D’altronde, a quali conclusioni giungono le mancate vittime di De Lorenzo? I relatori di minoranza scrivono che è provata la connessione “tra l’operazione elaborata e preparata dal generale De Lorenzo e uomini politici di elevato rango e responsabilità” e, come si sa, fanno un preciso riferimento anche al capo dello Stato, il democristiano Antonio Segni.

Non ci sono riferimenti ai “fascisti’ sempre che non si voglia ritenere tale l’allora capo dello Stato, ma sono certo che il p. m. non vorrà giungere a tanto.

Come finisce, è noto: a De Lorenzo, quale premio per aver fatto da capro espiatorio, uomini della DC offrono la presidenza dei Cantieri Navali di Taranto, ma il generale rifiuta, si mette in politica prima coi monarchici e poi con i missini quando i primi confluiscono nel partito di Almirante.

Ma sul “Piano Solo” non sappiamo tutto perché c’è stato chi ha “coperto”, costellando di omissis i documenti e utilizzando a tutto spiano l’arma del segreto di Stato; un uomo che così facendo ha permesso ai “fascisti” del “Piano Solo”, come Dino Mingarelli, quello “ideologicamente affine” a chi scrive, secondo Casson e Ferrari, di continuare nella loro carriera di ufficiali dei carabinieri e di “tradire la Repubblica”. Faccio il nome, certo che il p. m. vorrà chiederne l’incriminazione, previa acquisizione della sua testimonianza nell’inchiesta-bis su Peteano: si chiama Francesco Cossiga, ed attualmente risiede al Quirinale, come già il suo conterraneo Antonio Segni nel 1964.

Veniamo al noto Giulio Andreotti, punto di riferimento del generale Gianadelio Maletti, capo del reparto “D”, “sicurezza interna”, del SID, che il p. m. ha definito “famigerato”. Il capo di tale “famigerato” ufficio, nella primavera del 1973, si pone al servizio di Andreotti ed entra in guerra con il capo del SID, Vito Miceli, che gode di altri protettori politici.

Ed è subito guerra, a colpi di informazioni riservate passate ai giornali, delazioni e riaperture di inchieste da parte della magistratura che si vede beneficata di notizie ed informazioni.

Andreotti, per esempio, ha già da tempo deciso, dagli inizi del 1972 o ultimi del 1971, che il pericolo per la democrazia viene dai “fascisti” e, con il valido aiuto di Maletti e La Bruna, decide di provarlo facendo riaprire l’inchiesta sul “golpe Borghese” che la magistratura romana aveva già dichiarato inconsistente.

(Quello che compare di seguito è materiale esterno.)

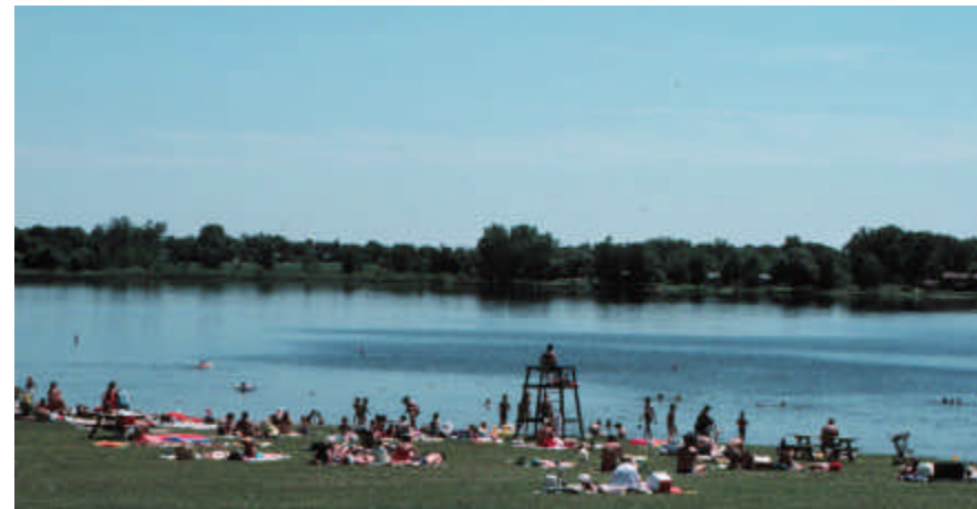
Independence Lake Park, one of the Washtenaw County's recreational facilities

Ypsilanti Townships manage their own local parks, and many other townships have parks and recreation commissions to plan for future needs.
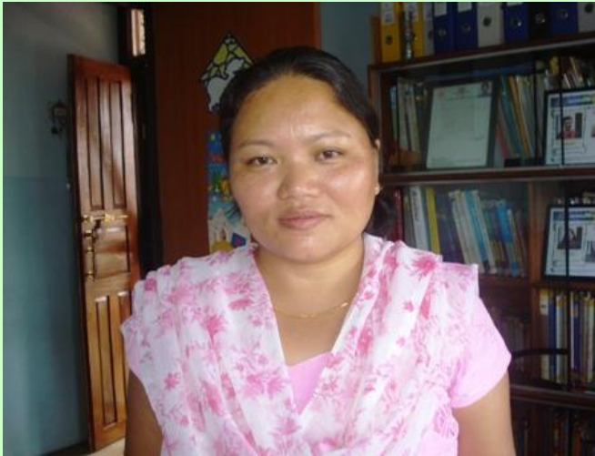
The trainer who led six prisoners to Christ
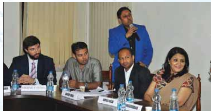
Members interacting with the Russian counterparts
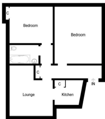
Illustrative only. Not to scale
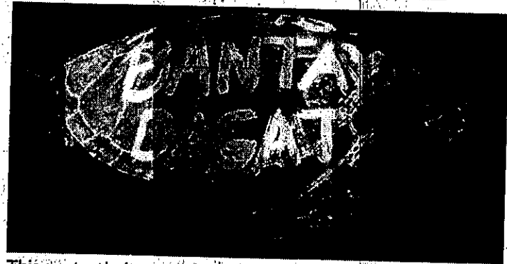
This sea turtle, its carapace vandalized, has been returned to the waters of Silay City in Negros Occidental.
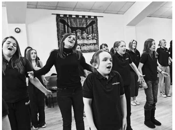
"What do we care if it's all wrong".
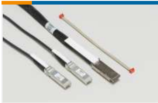
Pluggable I/O Cable Assemblies(81)
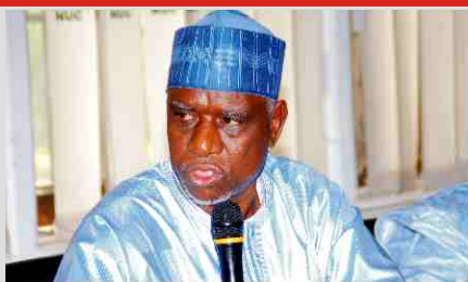
OER Policy Underway

Per inciso, sulla rivista II Borghese, diretta dal fraterno amico del prefetto Federico D’Amato, Mario Tedeschi, un tale di nome Filippo De Jorio dedica ad Andreotti un lungo articolo dal titolo alquanto antipatico, “Un Giuda è fra noi”. Alcuni giorni dopo, con una tempestività sorprendente, i NAP, i “Nuclei Armati Proletari”, sparano alle gambe di Filippo De Jorio che così capisce, almeno credo, che non solo non è il caso di scrivere articoli così antipatici, ma forse è meglio non fare nemmeno gli articoli, altrimenti arrivano i NAP e sparano: la prima volta alle gambe, la seconda chissà.

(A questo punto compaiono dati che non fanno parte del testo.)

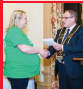
MacMillan Charity Cheque Presentation - page 9
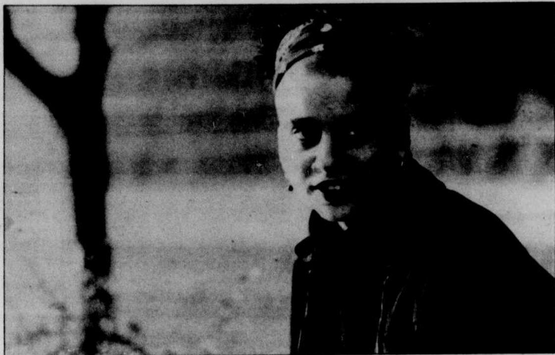
Ani DiFranco, who has been called one of the most powerful feminist musicians of our century, will perform Friday, May 21.
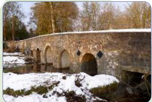
Foyouges Bridge - post works 2009.
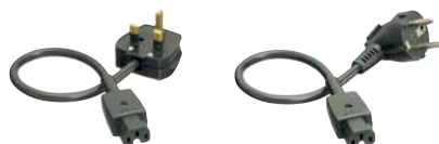
EXTL100-02 (UK plug)
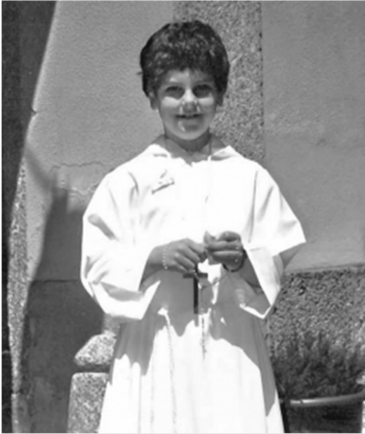
Actual photo of Carlos Acutis on his first Holy Communion

This generation of youth are showing signs of spiritual promise. The first Millennial Saint, Blessed Carlos Acutis is part of the many people who have a devotion to the Eucharist from a young age. His life's work on exploring the Miracles of the Holy Eucharist are all displayed on an active website called: The Eucharistic Miracles of the World . You can view the website he created here: http://www.miracolieucaristici.org/en/Liste/list.html Blessed Carlos willed to receive the Eucharist from the age of 3. He knew from a young age that Our Lord called him to prepare for his First Holy Communion, which he received at the age of 7. In his short but powerful life, Carlos devoted his life to researching about the Eucharist and the presence of Our Lord.

Tornando all’attività del nostro, lo vediamo impegnarsi in rivelazioni sull’aiuto dato, ad esempio, dal SID a Giannettini del quale rivela l’appartenenza al servizio; lo vediamo denunciare sulla base dei dati raccolti da Maletti e La Bruna, il “pericolo” corso dalla democrazia il 7 dicembre 1970: lo vediamo minacciare l’apparizione, accanto agli imputati per la strage di Piazza Fontana, di imputandi.

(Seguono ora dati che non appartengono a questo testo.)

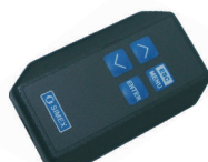
IR programmer SIR-15
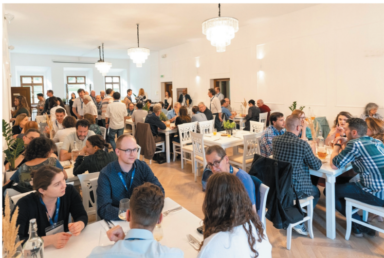
Figure 4. Conference dinner at the Vila Kajetánka, close to the venue of the conference.

Giulio Andreotti pare conoscere tutto e poter parlare di tutti ma, guarda caso, cessate le “guerre” interne al potere, quando arriva a Catanzaro non ricorda, non gli pare di aver detto quello che hanno scritto i giornali, perché, per carità, lui sarebbe disposto a collaborare ma non sa. Fu un bel colpo quello della riapertura dell’inchiesta sul “golpe Borghese”, vanamente contrastata da Vito Miceli che, per primo, ci rimette le penne e finisce in galera per l’inchiesta sulla “Rosa dei Venti”; mentre Maletti s’incontra con il comunista Pecchioli, in forma riservata, e La Bruna veglia sulla segretezza degli incontri; si sa, Andreotti ritiene che il PCI sia una “tigre di carta” e gli anni Sessanta lui li ha già dimenticati. Ma, se per Maletti c’è cotanto onorevole, per Miceli non c’è nessuno?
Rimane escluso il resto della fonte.